Comparison of the three subsets vs. ALL16 set in terms of the multi-GCM mean and standard deviation of future temperature (top three rows) and precipitation (bottom three rows) changes. First rows in the top and bottom blocks: number of seasonal exceedances of the subset mean outside <A ALL16 ± 0.5 × S ALL16> interval; middle rows in each block: number of seasonal exceedances of the subset standard deviation outside <2/3 × S ALL16, 3/2 × S ALL16> interval; bottom rows in each block: sum of the first and second rows. Colours in the first and second rows show the number of exceedances are of the same sign (positive: yellow to red; negative: green to blue), whilst the grey scale indicates that the given number of exceedances are not all of the same sign

Fig. 3
figure 3

The standardised climate change scenario (regridded into 1 × 1° resolution) based on OBJ5a subset (left) and the subset bias with respect to the ALL16 set (right). The maps relate (from top to bottom) to the changes in summer precipitation sum, winter precipitation sum, summer mean temperature and winter mean temperature. In the left hand column, the shape of the grid cell-specific symbols relate to the inter-GCM variability (represented by STD/AVG ratio, where AVG and STD are average and standard deviation across the five GCMs of OBJ5a) of the displayed characteristic. In the right hand column, the shape of the symbols represents the ratio of the multi-GCM standard deviations of the displayed characteristic based on the subset vs. ALL16 set

The results of the direct validation (see section 2 of the ESM for details) show that the subsets determined using the objective criteria perform better than those based on expert judgement. The OBJ5a subset is the best when we require a Europe-wide performance that is balanced between regions, seasons, climate change characteristics and statistics (multi-GCM means and standard deviation). When summed over ΔTAVG, ΔPREC and rZ, OBJ5a shows the lowest percentage of seasonal exceedances across Europe for both the subset mean and inter-GCM variability. The spatial pattern of its performance is similar over the whole of Europe, albeit with possible weaknesses in regions to the north of the Black Sea and the Iberian Peninsula. However, the results also show that the optimal subset may be different if the stress is put on a specific climate characteristic, region, and/or season. The performance of the EXP5 subset is most significantly affected by underestimating temperature variability in summer and autumn. However, its performance is almost as good as the best (OBJ5a) of the objective-based candidate subsets, due to the two subsets having three common GCMs. Furthermore, the EXP5 subset was found to be the best in terms of some partial criteria, as well as the best subset for the winter season.

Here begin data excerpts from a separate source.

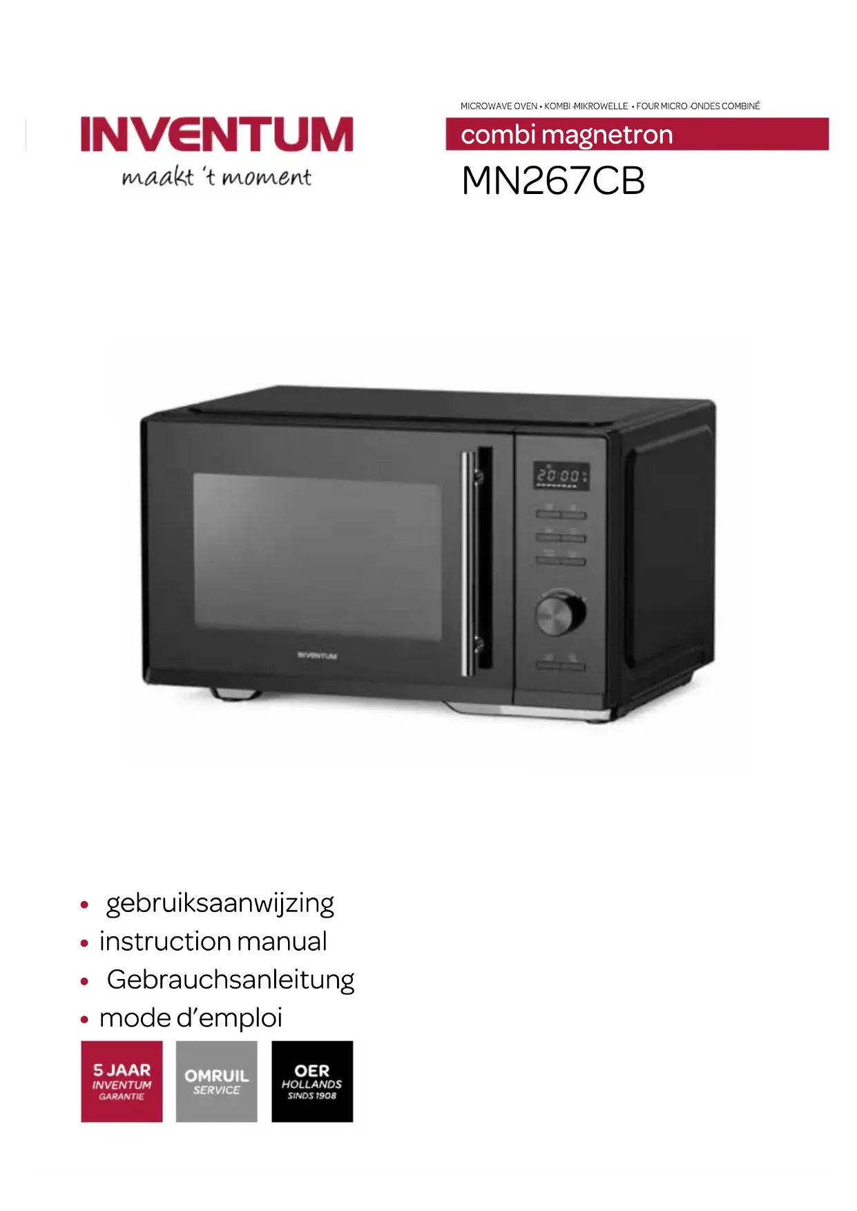 Avant de nettoyer le four micro-ondes combiné, éteignez l’appareil, débranchez la fiche de la prise de courant murale et laissez-le entièrement refroidir. Intérieur Nettoyez l’intérieur de l’appareil après chaque utilisation. Utilisez un chiffon humide. Pour un nettoyage en profondeur, utilisez de l’eau chaude et un produit vaisselle, et séchez bien l’intérieur avec un chiffon. Accessoires Nettoyez les accessoires comme le plateau tournant, l’anneau pour le plateau tournant et la grille à l’eau chaude et un produit vaisselle. Ces accessoires ne peuvent pas être lavés au lave-vaisselle. Séchez-les bien avant de les réutiliser. Extérieur Nettoyez l’extérieur de l’appareil avec un chiffon humide ou une éponge. Si nécessaire, nettoyez l’extérieur de l’appareil à l’aide d’un produit vaisselle doux. Nettoyez également méticuleusement la porte et le caoutchouc de porte.algemene service- en garantievoorwaarden Op dit product wordt een garantie van 5 jaar verleend. Uw garantie is geldig wanneer het product is gebruikt in overeenstemming met de gebruiksaanwijzing en voor het doel waarvoor het gemaakt is. Tevens dient het originele aankoopbewijs overlegd te worden met daarop de aankoopdatum, de naam van de retailer en het artikelnummer van hetproduct. Voor uitgebreide garantievoorwaarden verwijzen wij u naar onze website: www.inventum.eu/service/garantie-informatie A 5 year warranty is provided for this product. Your warranty is valid if the product has been used in accordance with the user instructions and for the purpose for which it was made. Also the original proof of purchase must be submitted, stating the date of purchase, the name of the retailer and the item number of the product. For extensive warranty information you are referred to our website: www.inventum.eu/service/garantie-informatie Für dieses Produkt gewähren wir eine Garantie von 5 Jahre. Diese Garantie gilt jedoch nur, wenn das Produkt in Übereinstimmung mit den Anweisungen in der Gebrauchsanleitung und für den Zweck, für den es hergestellt wurde, verwendet wird. Darüber hinaus muss der originale Kaufbeleg (mit Kaufdatum, Namen des Einzelhändlers und Artikelnummer des Produkts) vorgelegt werden. Die ausführlichen Garantiebestimmungen finden Sie auf unserer Webseite: www.inventum.eu/service/garantie-informatie Ce produit est garanti pour une période de 5 ans. Votre garantie est valable lorsque le produit est utilisé conformément au mode d'emploi et pour l'usage auquel il est destiné. Par ailleurs, la preuve d'achat originale doit être fournie, en portant mention de la date d'achat, du nom du détaillant ainsi que du numéro d'article du produit. Pour connaître les conditions de garantie détaillées, rendez-vous sur notre site Internet: www.inventum.eu/service/garantie-informatie general terms and conditions of service and warranty Allgemeine Service- und Garantiebedingungen conditions générales de garantie et de service après-vente
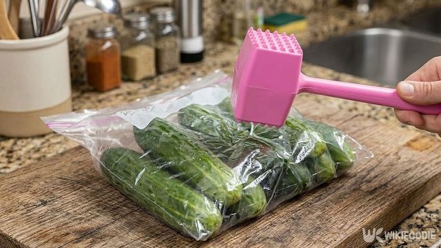2. 비닐에 오이를 넣고 칼등이나 망치로 겉면이 갈라질 때까지 가볍게 두드린다.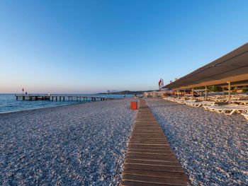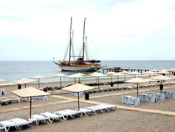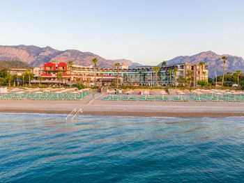 Пляж галечный. Часть гальки очень мелкая и поднимается волнами. Из-за этого вода становится несколько мутной. То есть это не те "голубые пляжи" Кемера. Пляж плохо убирают. Сколько я был в отеле, столько и лежал на своих местах мусор (куски какого-то дерева, в основном).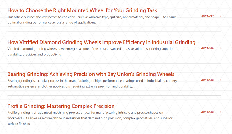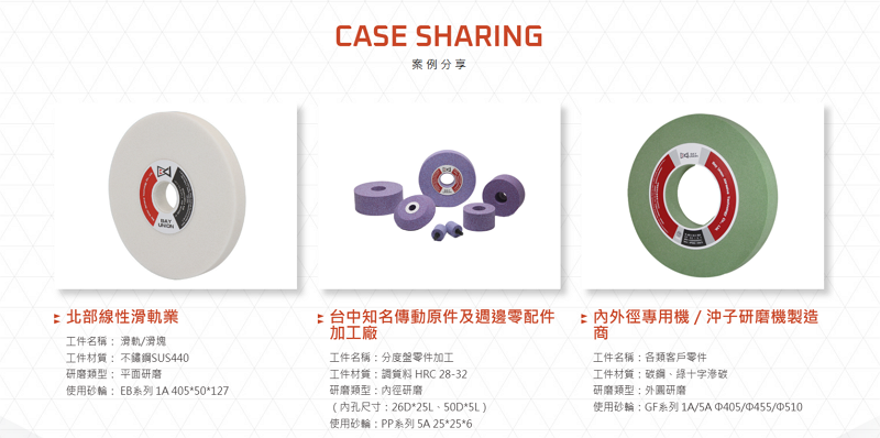 在產品子分類頁面下方,帶入與該砂輪加工應用相關的實際產業案例(如汽車零件、軸承、齒輪製造等),不僅說明產品特性,還直接展示真實應用場景,讓訪客能更具體理解砂輪產品在不同產業的使用效果,提升產品吸引力與轉換可能性。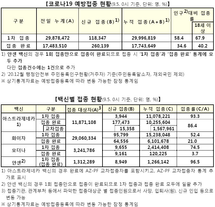 질병관리청, 예방접종 1차기준 3천만명 보도자료 (2021.9.5.)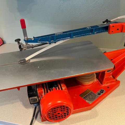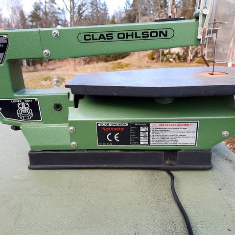 Bandsåg som sågar 100mm höga saker, 330mm djupa delar. Ställbart bord.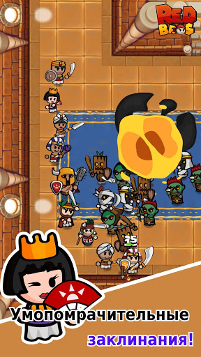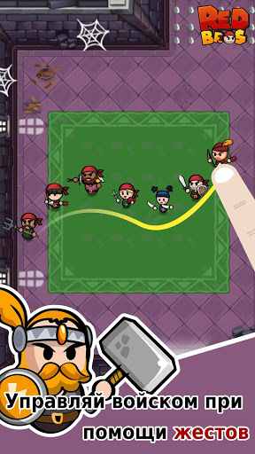 "Наконец-то самая лучшая мобильная игра, которую вы ждали! «Red Bros» - это приключенческая игра-головоломка, в которой вы играете с помощью жестов. Больше нет игр с автоиграми, которые вам надоедают - направляйте свой отряд своими пальцами! Они будут более чем готовы следовать вашим приказам. Входите в Башню, спасайте героев, пойманных вашими врагами, и побеждайте Короля Скелетов вместе с ними!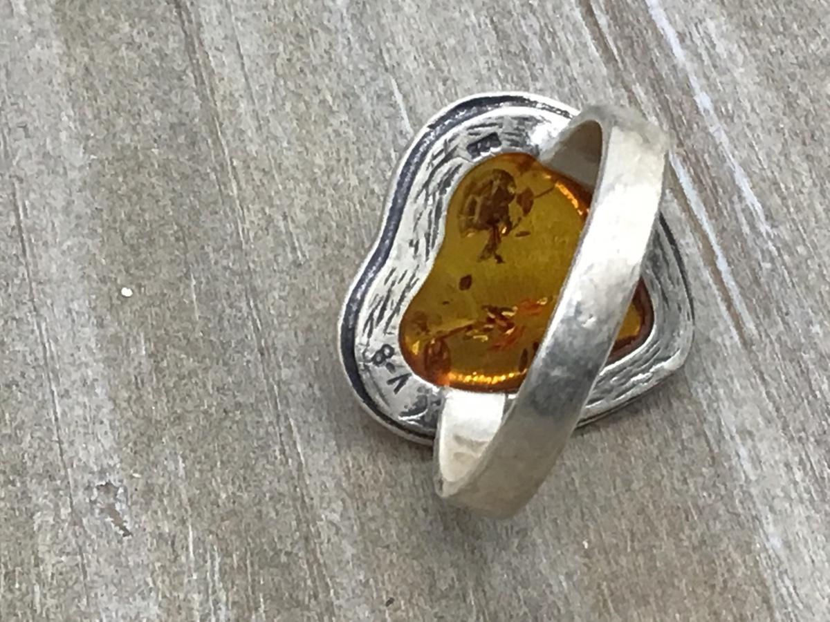 Vintage Sterling Silver Baltic Amber Type Ring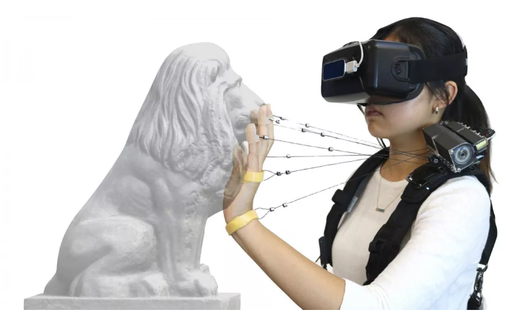 据外媒CNET报道,卡内基梅隆大学的研究人员希望通过一种能将实体物体的手感置于指尖的设备,让虚拟现实技术少一点虚拟,多一点实体感。Wireality是一种安装在肩部的触觉系统,它利用连接在手部的可伸缩线来提供VR体验过程中的反馈。它的工作原理是通过停止用户手部的运动来匹配他们“触摸”的虚拟物体的几何形状。一段视频展示了该设备的操作过程。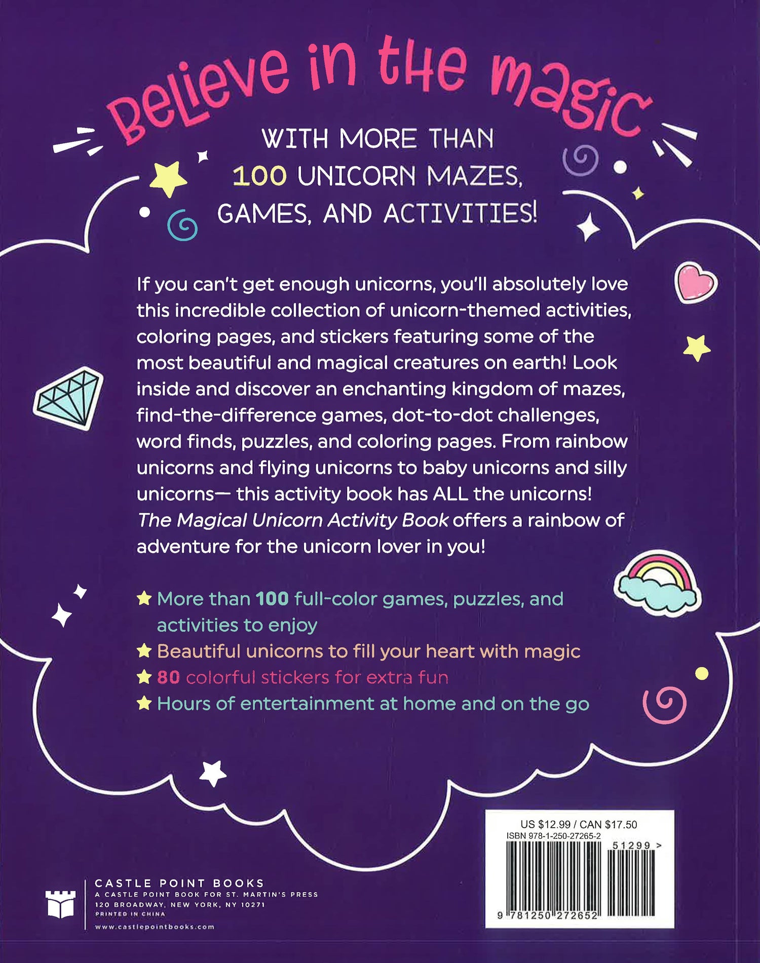 Look inside and discover an enchanting kingdom of mazes, find-the-difference games, dot-to-dot challenges, word finds, puzzles, and coloring pages. From rainbow unicorns and flying unicorns to baby unicorns and silly unicorns--this activity book has ALL the unicorns!

5 Indirect validation of the GCM subsets

The indirect validation shows how imperfections in the subsets representation of the inter-GCM variability of ΔPREC and ΔTAVG affect the ability of the subsets to capture the ALL16 central value and variability of changes in the impact indices in each 10′ grid cell. Four indices from two climatically driven metamodels implemented in the IAP were selected: (1) ONEI (ecoclimatic index) describes the overall suitability of climate conditions for the establishment and long-term presence of a pest population (the European corn borer, O. nubilalis) in a given grid cell. ONEI ranges from 0 to 100, where ONEI ≥25 indicates very favourable climate conditions for species occurrence, 10 ≤ ONEI <25 as favourable and ONEI <10 as limiting for species survival (Hoddle 2003). (2) ONNG is the number of generations of the corn borer that can be completed within a year. (3–4) SNOW3 and SKI10 are the average number of days in a year with more than 3 and 10 cm of snow (corresponding to 3 and 10 mm, respectively, of snow water equivalent), which would provide frost protection for crops and allow skiing activities, respectively. While the response of the pest metamodel is driven primarily by temperature changes, the snow cover model is driven by a combination of changes in precipitation and temperature in the cold part of the year. More details on the two metamodels are given in SM1. The metamodels were run for the baseline and 2055 target period assuming SRES-A1B emissions and 3.0 °C climate sensitivity.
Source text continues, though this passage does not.